*** The data ***

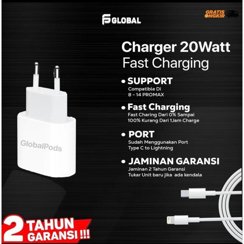 [Garansi 2 Tahun] GlobalPods Charger iP 20w Fast Charging 1 Set Adaptor + Kabel
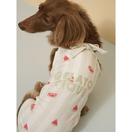 夏の気分を盛り上げるカラフルなストライプ柄に、弾けるフルーツをプリントしたCAT&DOGシリーズです。スイムウェア風のキュートなデザインで仕上げた、ひんやり心地良い接触冷感素材のダックスフンド用プルオーバー。背丈が長めのシルエットに、発泡プリントのぷっくりしたブランドロゴをあしらい、キャッチーに仕上げました。背中に保冷剤が入るポケット付きで、首元のリボンは洗濯がしやすいように解ける仕様になっています。色はラズベリー柄のピンク、スイカ柄のグリーンの2色展開。同シリーズの雑貨と組み合わせたり、きょうだいで色違いのコーディネートもおすすめです。
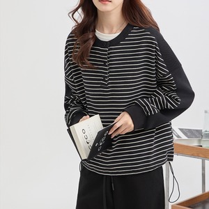 ハーフボタンコントラストボーダープルオーバー A01093

*** End of The data ***

## Activity
Your response must consist of the material above, reproduced word for word, with the images omitted.

## Solution
 [Garansi 2 Tahun] GlobalPods Charger iP 20w Fast Charging 1 Set Adaptor + Kabel
 夏の気分を盛り上げるカラフルなストライプ柄に、弾けるフルーツをプリントしたCAT&DOGシリーズです。スイムウェア風のキュートなデザインで仕上げた、ひんやり心地良い接触冷感素材のダックスフンド用プルオーバー。背丈が長めのシルエットに、発泡プリントのぷっくりしたブランドロゴをあしらい、キャッチーに仕上げました。背中に保冷剤が入るポケット付きで、首元のリボンは洗濯がしやすいように解ける仕様になっています。色はラズベリー柄のピンク、スイカ柄のグリーンの2色展開。同シリーズの雑貨と組み合わせたり、きょうだいで色違いのコーディネートもおすすめです。
 ハーフボタンコントラストボーダープルオーバー A01093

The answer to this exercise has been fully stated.